If a manufacturer's brochure is used for obtaining test data, the slope will
be a constant if the [eta] versus [delta]T/I curve is a straight line;
however, if it is not a straight line, the slope to be used is the tangent to
the curve in the expected range of [delta]T/I.  The units of FRUL must be
Btu/hr-ft2 deg. F for use on subsequent worksheets.
.
The term (mCp)c/Ac is the unit . heat capacity flowrate of working
fluid through the  collector,  where m  is flow of working fluid through the
collector in lbm/hr, and Cp is specific heat of fluid in Btu/lbm deg. F.
The larger the flowrate, the lower will be the [delta]T through collector and
thus the higher .  will be the collector efficiency.  A practical limit
is reached at  (mCp)c/Ac = 10 Btu/hr-ft2 deg.
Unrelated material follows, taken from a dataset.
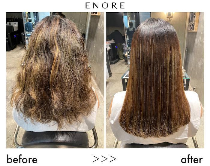 エノアでは根元:弱酸性縮毛矯正、毛先:弱酸性酸熱トリートメントの施術も可能です↓
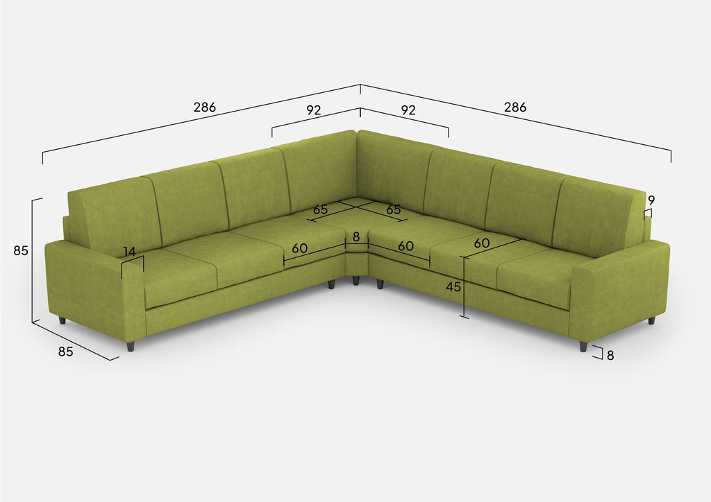 Divano Angolare 7 Posti 286x286x85 cm Sakar in Tessuto Verde

F, so the design
procedure is based on values of this order of magnitude.  The latter figure
may be taken as constant in calculating subsequent parameters.
The value for [epsilon]c, effectiveness of the collector - tank heat
exchanger, is based on manufacturer's data for the conditions of flow through
the heat exchanger.  If no heat exchanger is employed between the collector
and the tank, then this term equals 1.0.  For most heat exchangers, the
effectiveness will vary from about 0.5 to 0.8
This is a relatively complex
term to calculate and a procedure is given in U.S. Dept HUD (1977), pages
A-34 to A-39.  The simpler procedure is to ask a manufacturer for design
information.  Most manufacturers will provide this factor or calculate it.
Be prepared to supply the following information:
a.
The physical characteristics of the two fluids in the heat
exchanger.
b.
The amount of heat to be transferred (Btu/hr).
c.
The flow rates (gal/min) on both sides of the heat exchanger.
d.
The approach temperature difference defined as the difference
between the temperatures of the hot fluid entering the heat
exchanger and the heated fluid leaving the heat exchanger.
Alternatively, one could assume an effectiveness that is reasonable (say
0.7), then complete the following worksheets.  If the design appears
feasible, one could then go back and "refine" his estimate by consulting a
manufacturer to be sure that a heat exchanger is available that will provide
the assumed effectiveness.  Such a heat exchanger might be employed if the
working fluid were expensive, to reduce the amount of fluid required, or if
it were desired to separate working fluid from potable water in a hot water
storage tank (see Section 2.1.7 and Figure 2-5).